__What you need to do__.
Retype, word for word, every line starting at the line with "법원도서관(관장 강영호)은 대법원과" and ending with the final line of the entries; skip the pictures.

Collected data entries
_ _ _

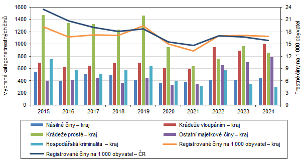 Ukazatel počtu registrovaných trestných činů na 1 000 obyvatel dosáhl v roce 2024 v Karlovarském kraji hodnoty 16,9. V mezikrajském srovnání se jedná o čtvrtou nejvyšší hodnotu po Hl. městě Praze, Ústeckém a Moravskoslezském kraji. Nejméně trestných činů na 1 000 obyvatel bylo ve sledovaném roce spácháno v Pardubickém kraji a v Kraji Vysočina (9,9, resp. 10,0). Průměrná hodnota tohoto ukazatele v celé ČR činila téměř 16 trestných činů (15,9).
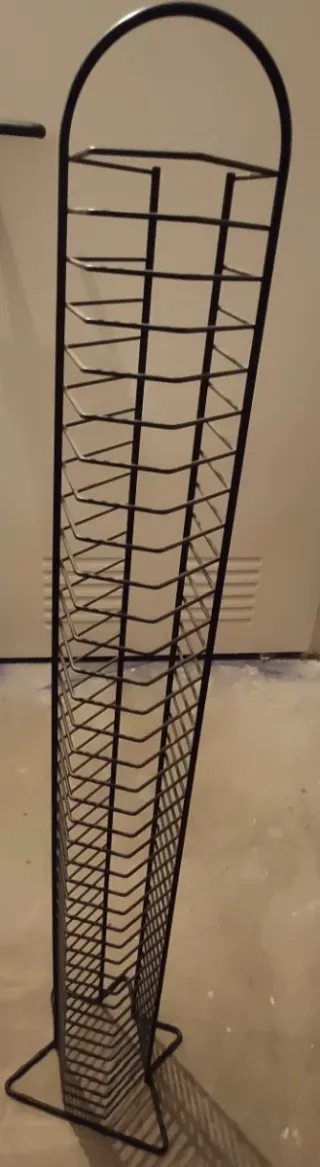 Práctica estantería de metal para organizar tus CDs. Tiene capacidad para 15 unidades. - Diseño moderno y funcional. - Ideal para mantener tus discos ordenados.
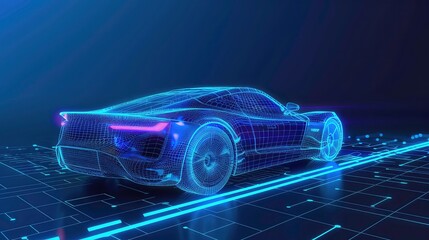 Futuristic electric car with holographic wireframe digital technology background
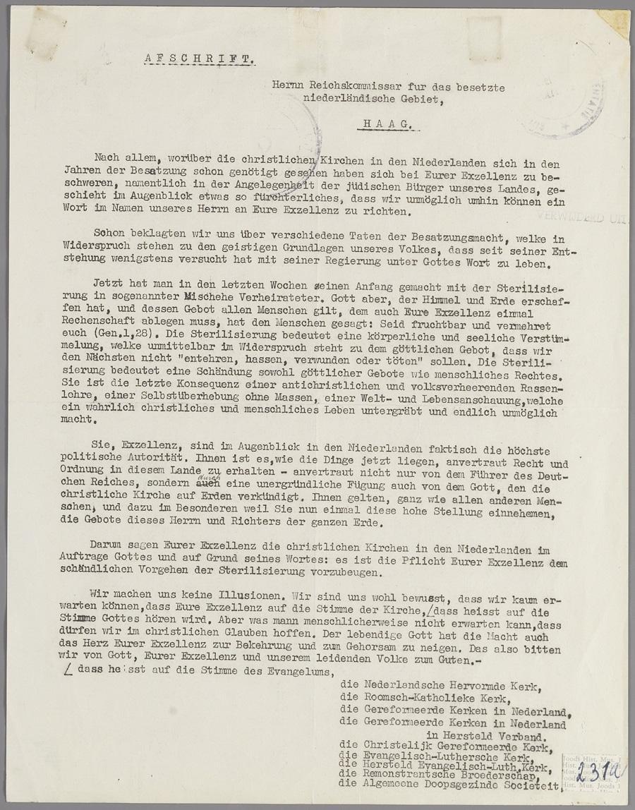 Protestbrief van Nederlandse kerken tegen deportatiemaatregelen en sterilisatie, 1942
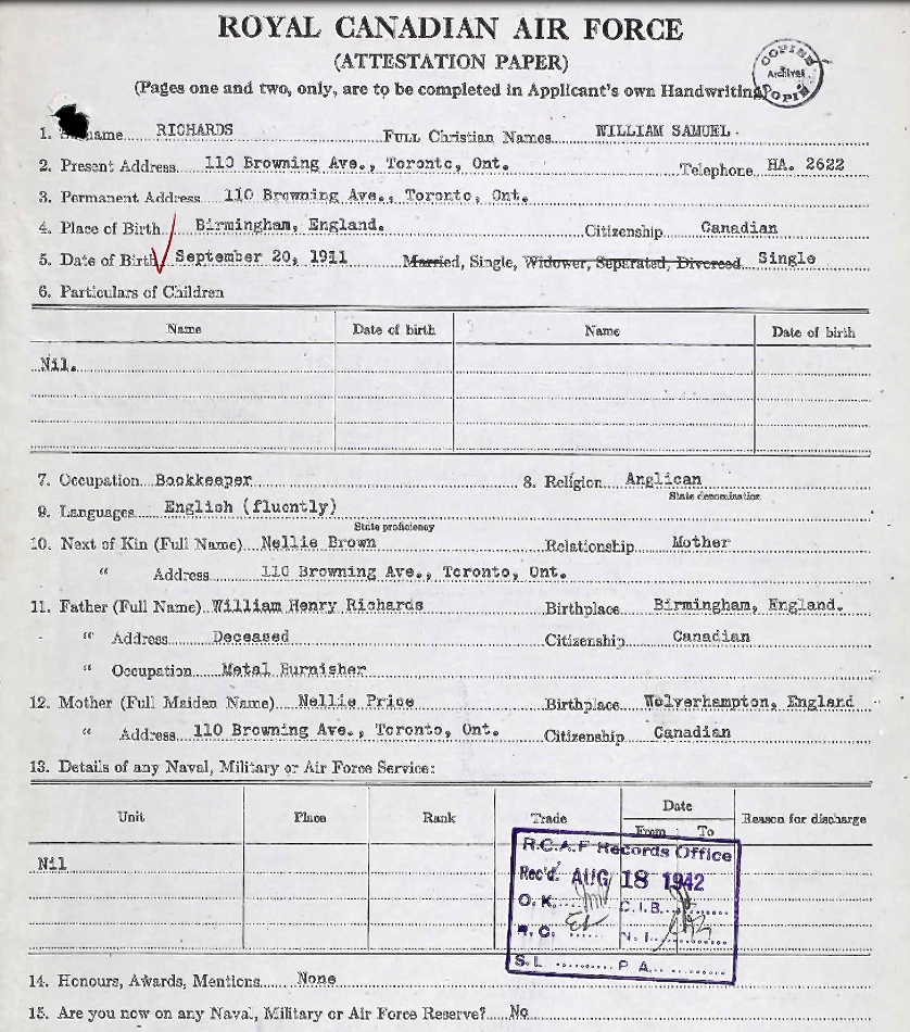 Son of William and Nellie Richards; husband of Madge G. Richards, of Toronto, Ontario.
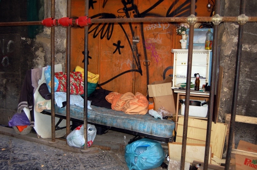 Altri tag (senza riscontro): borse, disordine, rete, tubi, sacchi, miseria, scatole, barbone, graffiti, sbarre, giacìglio, strada, arancione, pali, senzatetto, povertà, rovina, cuscino, coperte, letto, mobili, sporco.
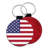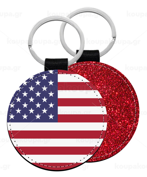 USA Flag, Μπρελόκ Δερματίνη, στρογγυλό ΚΟΚΚΙΝΟ (5cm)
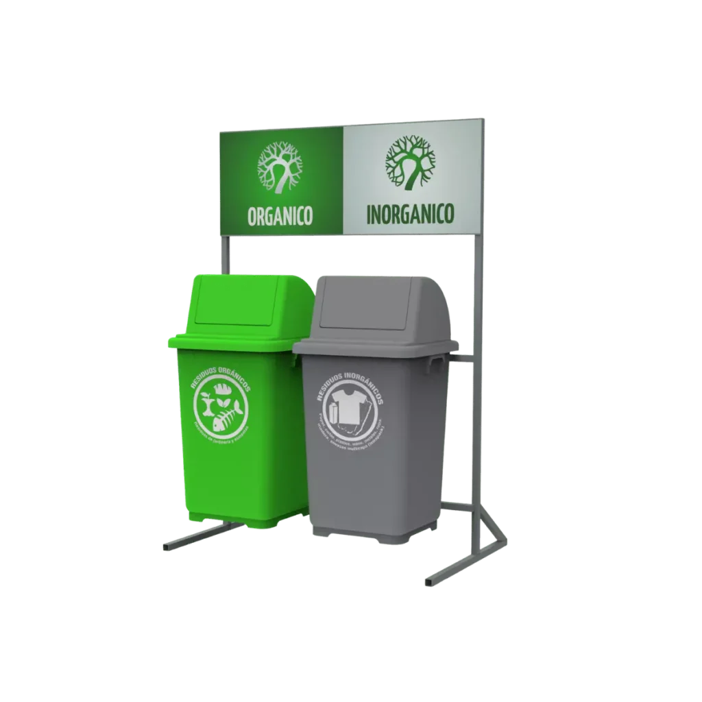 Estación de Reciclaje de dos contenedores BCTB90 en línea, sin ruedas. La estructura esta fabricada de PRT de 2″x2″, PTR de 2″x 1″. Un eje de soporte de metal galvanizado. El espacio publicitario lleva lamina galvanizada calibre 18, conforme a la NOM034.
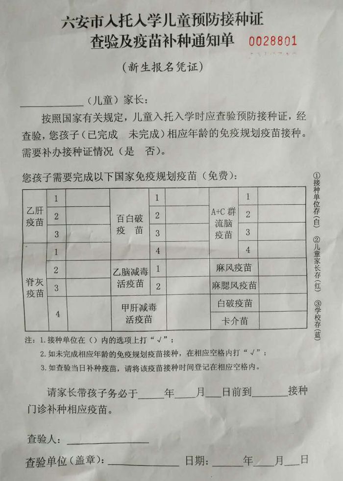 根据8月14日下午区教育局、卫计委、疾病防控中心联合召开的最新会议要求,城北小学西校区一年新生报名除持原学校招生公告上所需要的证件外,还需要提供当地卫生部门出示的查验补种通知单(见下图通知和表样)。
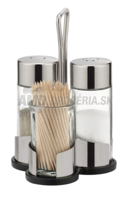 Táto stolová súprava na dochucovanie so soľou, korením a špáradlami CLUB je praktickým a elegantným doplnkom pre domácnosti i gastronomické zariadenia. Je to niekoľko dôležitých informácií o tejto súprave:
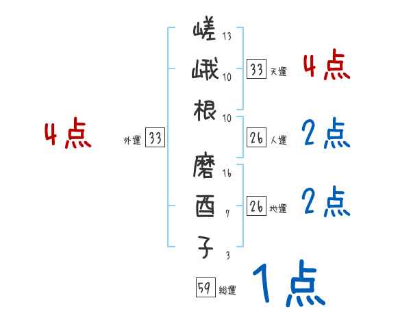 嵯峨根磨酉子さんの画数の鑑定結果
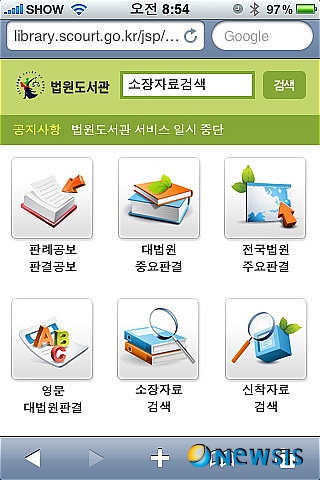 법원도서관(관장 강영호)은 대법원과 전국 법원의 중요한 판례나 판결 정보를 스마트폰으로 열람하게 하는 모바일 홈페이지를 개설, 지난주부터 가동 중이라고 27일 밝혔다.
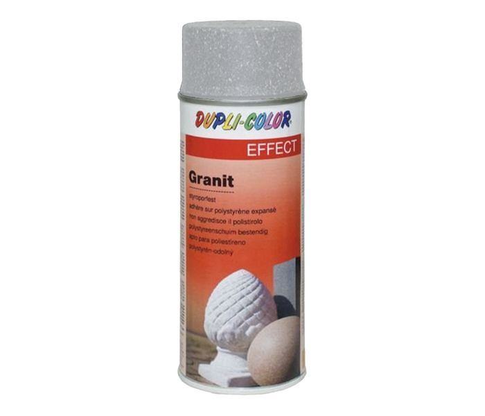 DupliColor Graniet Verf spray GRIJS voor het spuiten van ieder object, oppervlak of onderdeel in de kleur grijs met een effect van graniet. De grijze graniet verf spuitbus hecht op alle materialen en blijft jarenlang zitten. Om het beste resultaat te behalen met deze steen graniet verf spray, adviseren wij om de ondergrond in een primer te spuiten die licht van kleur is. Dankzij de hoge kwaliteit kan je de DupliColor spuitbus graniet look verf zowel buiten als binnen gebruiken.
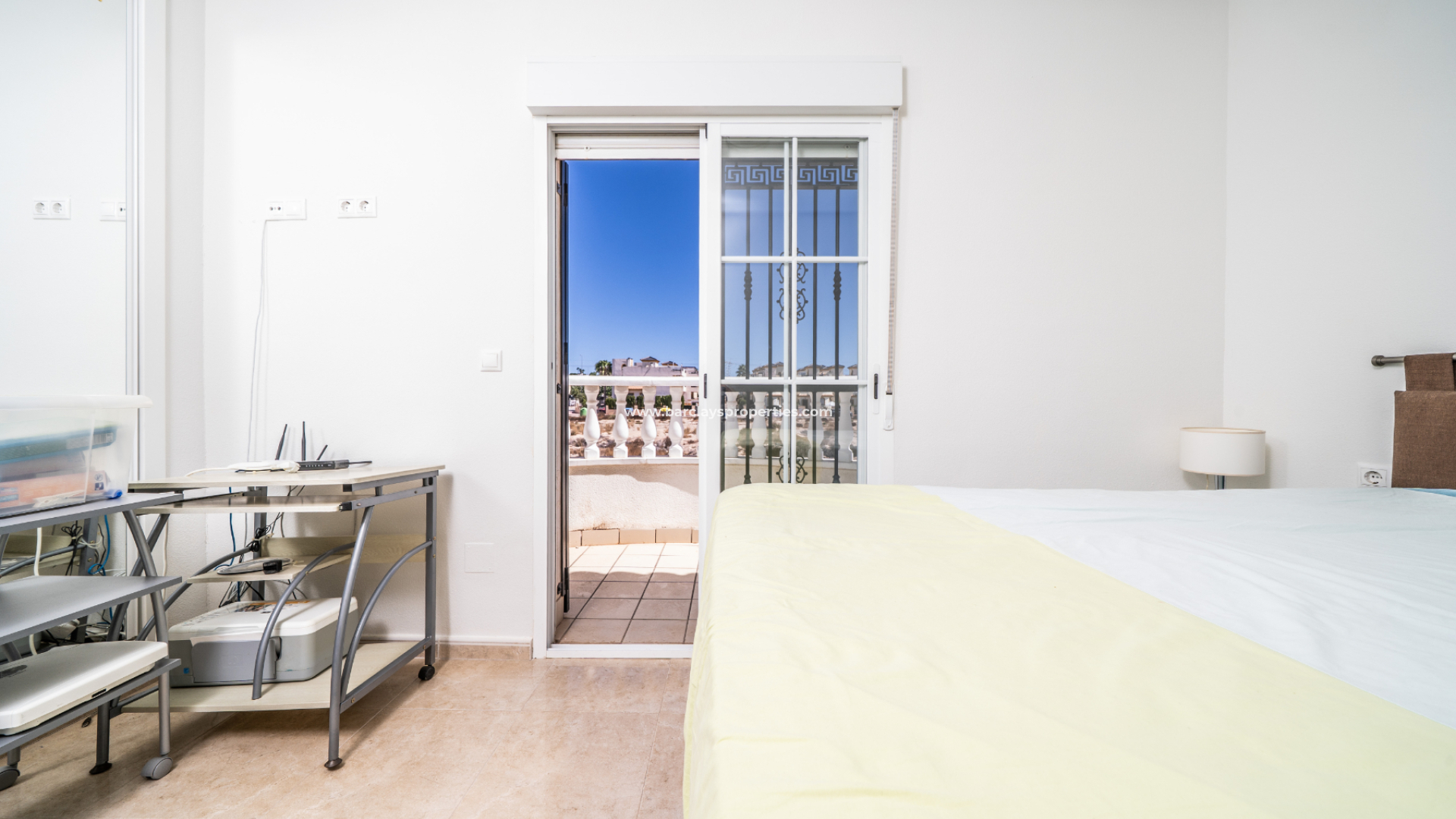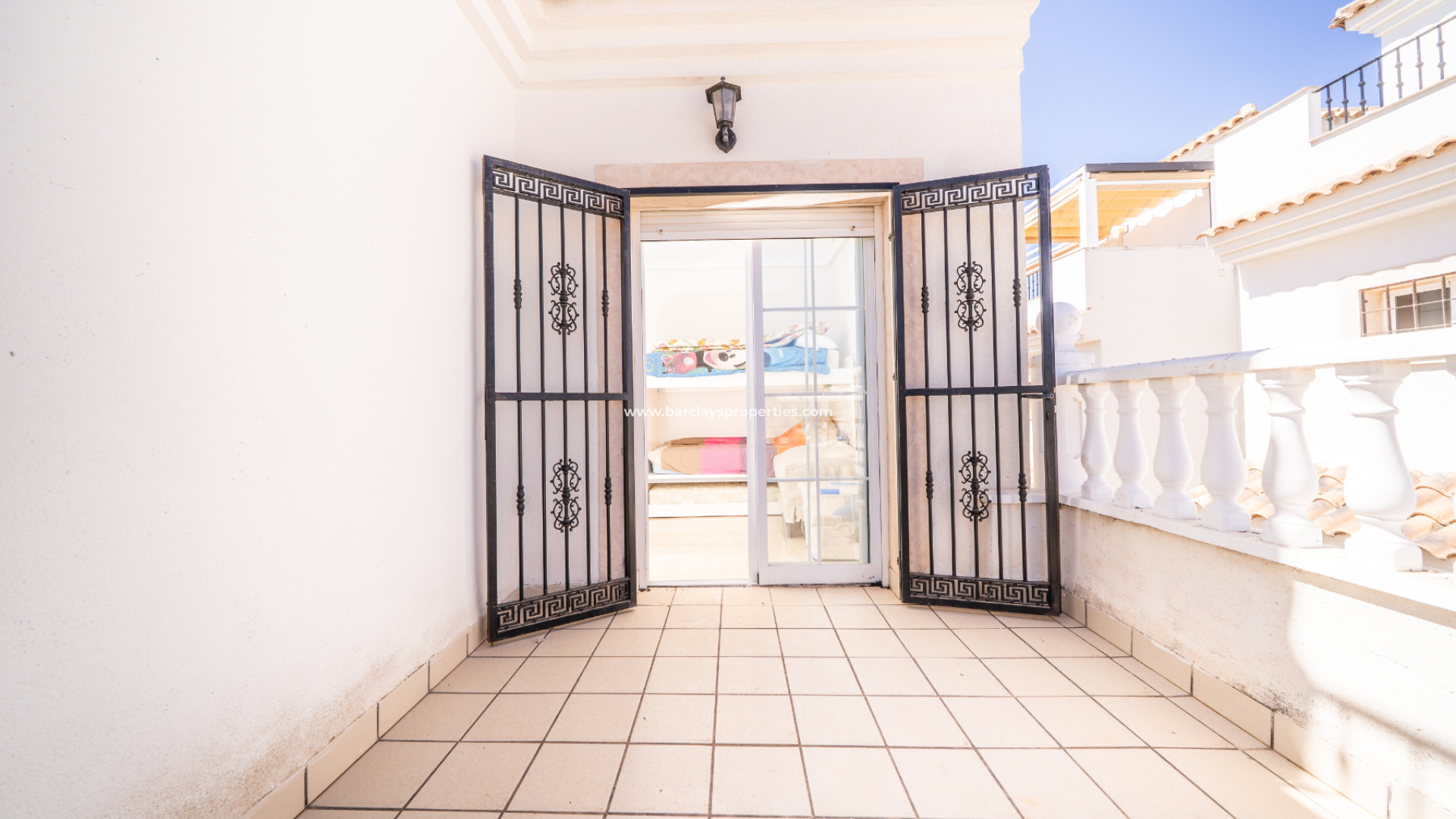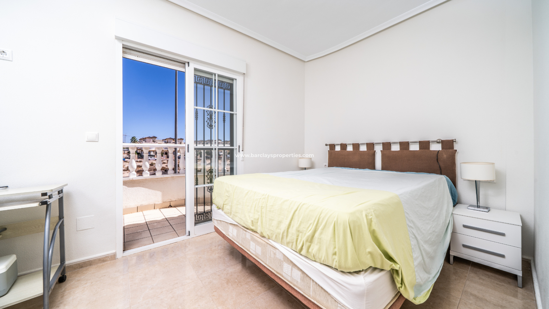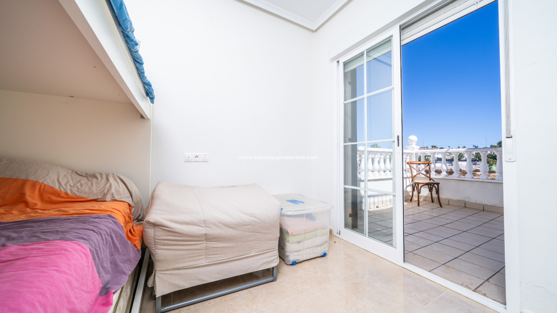 Boven is de tweede slaapkamer uitgerust met stapelbedden, kastruimte en openslaande deuren naar een balkon. De hoofdslaapkamer beschikt ook over ingebouwde spiegelkasten, openslaande deuren naar het balkon met uitzicht over de urbanisatie en ook op deze verdieping vinden we een familiebadkamer met ligbad, bidet, toilet en badmeubel.

_ _ _

__Response to the exercise__.
 법원도서관(관장 강영호)은 대법원과 전국 법원의 중요한 판례나 판결 정보를 스마트폰으로 열람하게 하는 모바일 홈페이지를 개설, 지난주부터 가동 중이라고 27일 밝혔다.
 DupliColor Graniet Verf spray GRIJS voor het spuiten van ieder object, oppervlak of onderdeel in de kleur grijs met een effect van graniet. De grijze graniet verf spuitbus hecht op alle materialen en blijft jarenlang zitten. Om het beste resultaat te behalen met deze steen graniet verf spray, adviseren wij om de ondergrond in een primer te spuiten die licht van kleur is. Dankzij de hoge kwaliteit kan je de DupliColor spuitbus graniet look verf zowel buiten als binnen gebruiken.
 Boven is de tweede slaapkamer uitgerust met stapelbedden, kastruimte en openslaande deuren naar een balkon. De hoofdslaapkamer beschikt ook over ingebouwde spiegelkasten, openslaande deuren naar het balkon met uitzicht over de urbanisatie en ook op deze verdieping vinden we een familiebadkamer met ligbad, bidet, toilet en badmeubel.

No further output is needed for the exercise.